Desolvation Penalty for Burying Hydrogen-Bonded Peptide Groups in Protein Folding

A novel analysis of the enthalpy of protein unfolding is proposed and used to test for a desolvation penalty when hydrogen-bonded peptide groups are desolvated via folding. The unfolding enthalpy has three components, (I) the change when peptide hydrogen bonds are broken and the exposed -CO and -NH groups are solvated, (2) the change when protein-protein van der Waals interactions are broken and replaced by protein-water van der Waals interactions, and (3) the change produced by the hydrophobic interaction when nonpolar groups in the protein interior (represented as a liquid hydrocarbon) are transferred to water. A key feature of the analysis is that the enthalpy change from the hydrophobic interaction goes through 0 at 22 degrees C according to the liquid hydrocarbon model. Protein unfolding enthalpies are smaller at 22 degrees C than the enthalpy change for unfolding an alanine peptide helix.
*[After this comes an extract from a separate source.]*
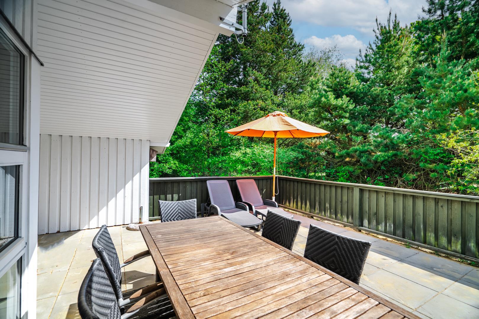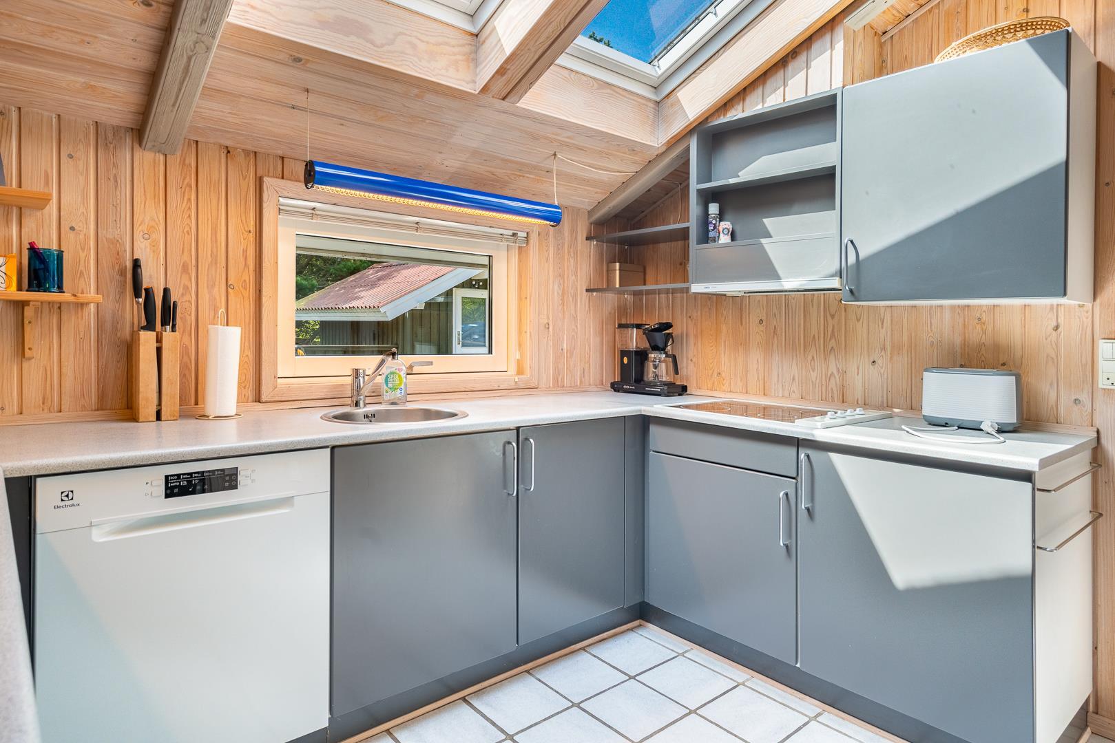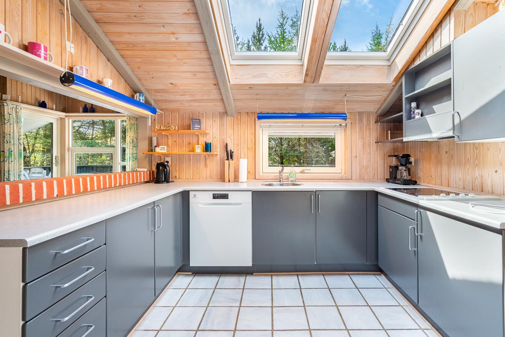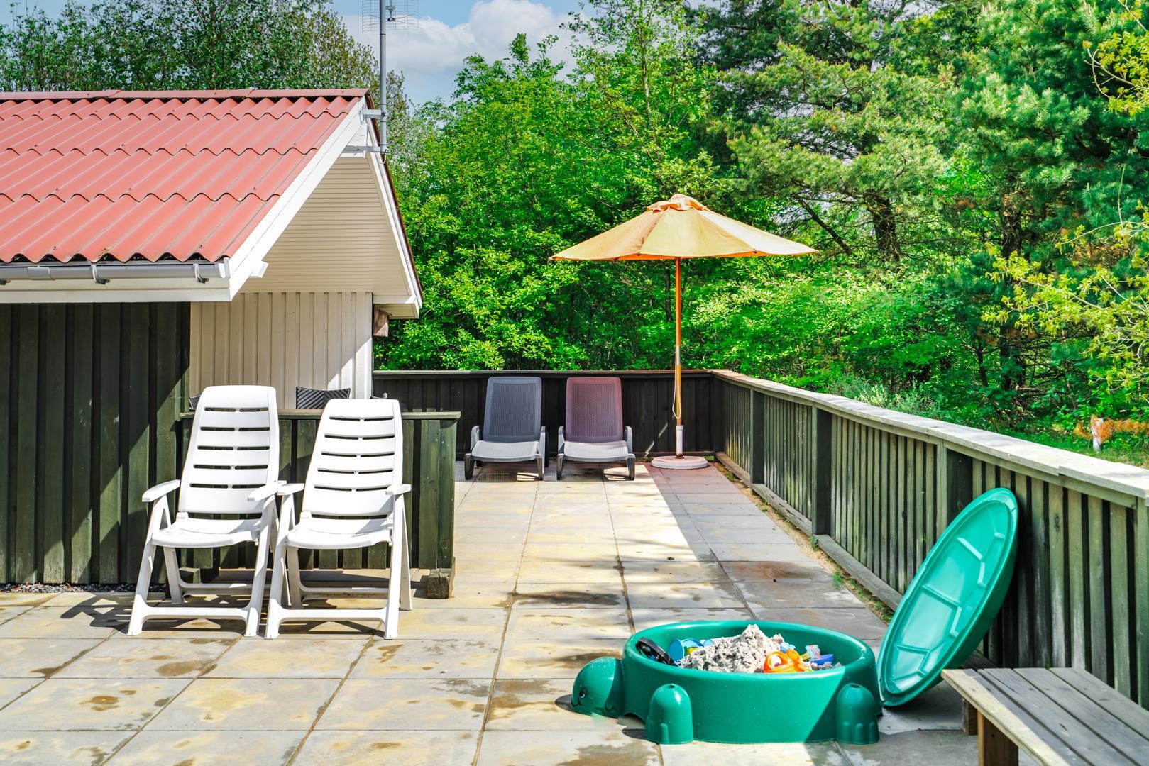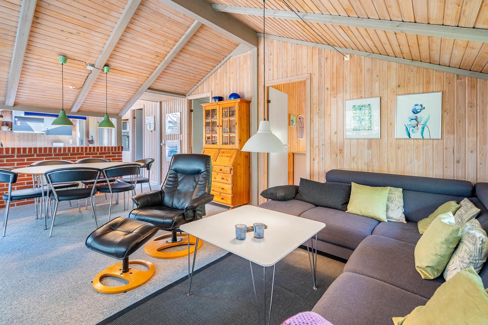 Auf einem schönem Grundstück auf 3000 m2 - mit eingezäunter und überdachter Terrasse, liegt dieses gut gepflegte Ferienhaus mit Platz für 6 Personen. Die Einrichtung ist hell und freundlich. Praktischer Hauswirtschaftsraum mit Waschmaschine und Trockner. Funktionelle Küche mit Dachfenster, Spülmaschine, Mikrowelle und extra Gefrierschrank mit 50 L.
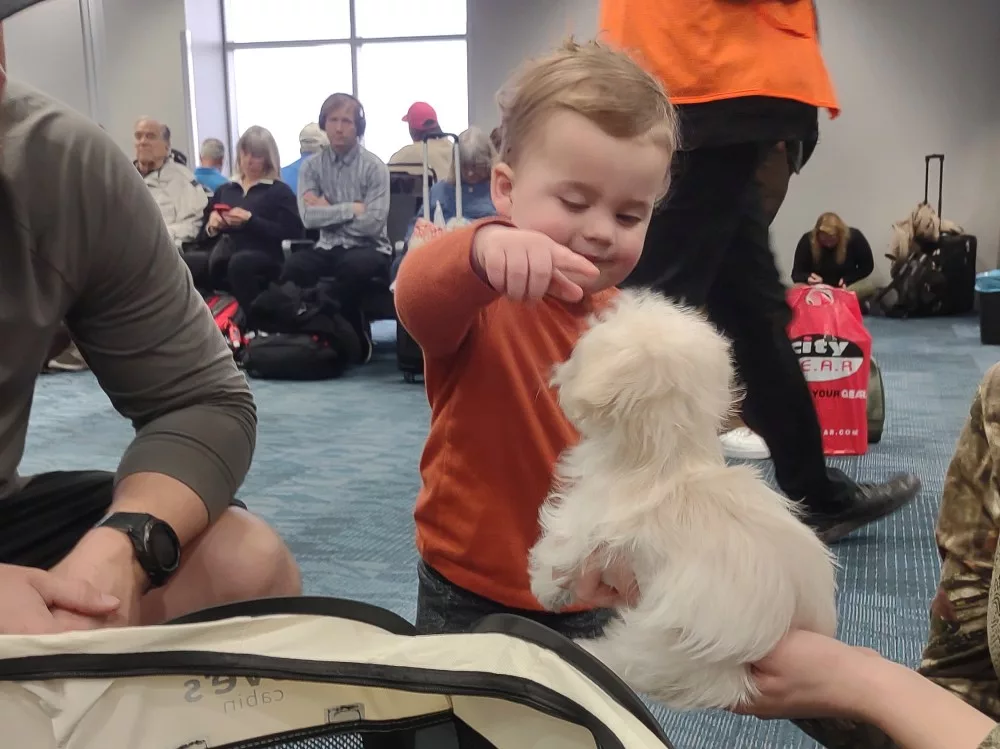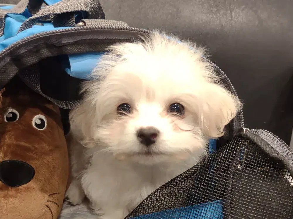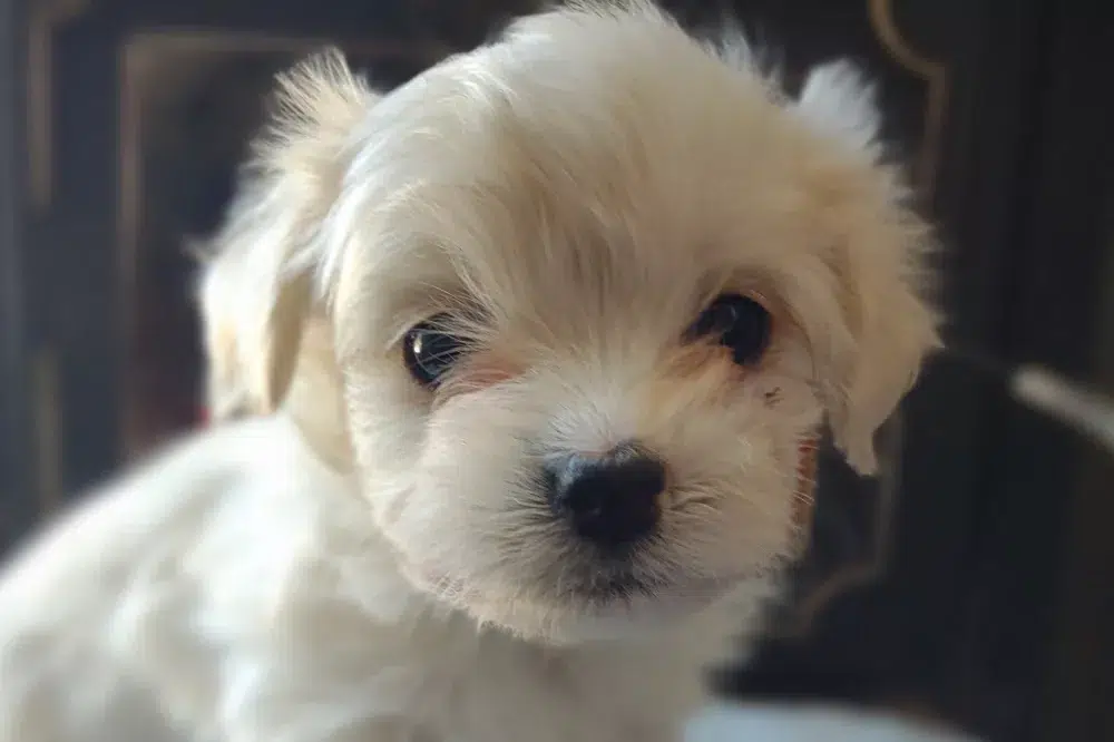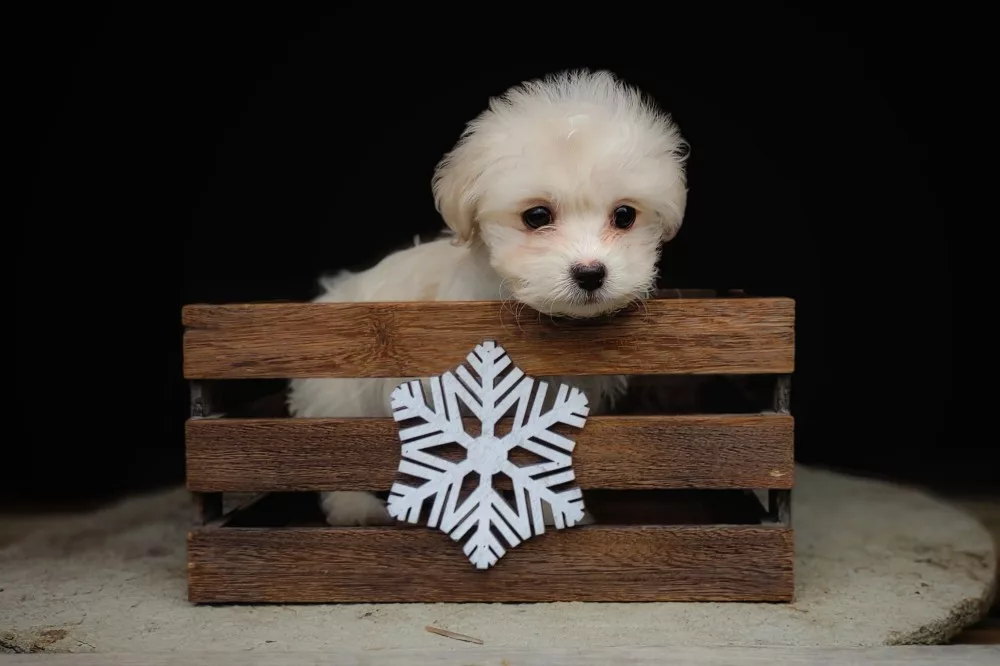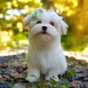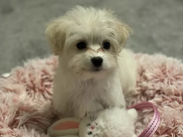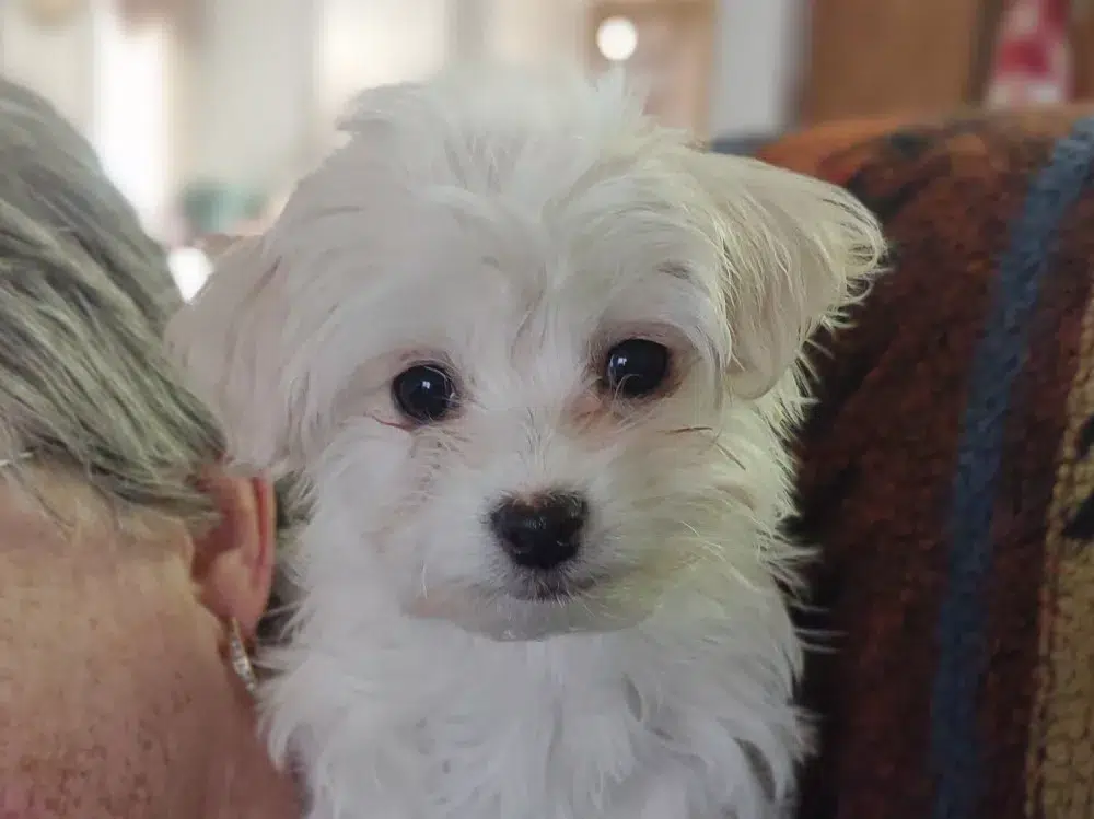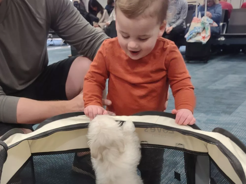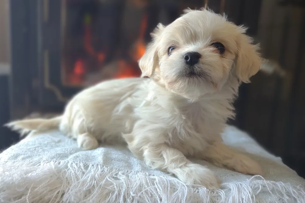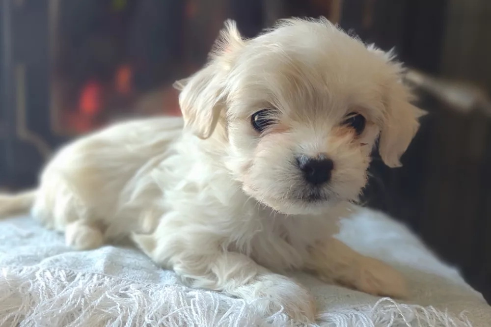 Taffy was the second-born of her litter and she was born at a healthy average-size for a newborn Havamalt puppy! She was happily nursing from her mama within 14 minutes of birth. She has been gaining weight steadily since birth, and is currently thriving! Taffy arrived looking like a solid white puppy, but it became evident fairly quickly that she is white and cream. Our best guess is she will stay white & cream as she matures. Because Mama is a Havanese, we can only make an educated guess. After all, Havamalts are like a box of chocolates! You never know what you are gonna get! Taffy has a lavender collar so you can easily pick her out in pictures and videos. Taffy's personality test revealed that she has a Gentle-Cooperative personality, which is exactly what we have guessed for a while now based on observing her with her litter mates and our family.

Data in the literature indicate that the van der Waals contribution to the unfolding enthalpy is considerably larger than the unfolding enthalpy itself at 22 degrees C, and therefore, a sizable desolvation penalty is predicted. Such a desolvation penalty was predicted earlier from electrostatic calculations of a stabilizing interaction between water and the hydrogen-bonded peptide group.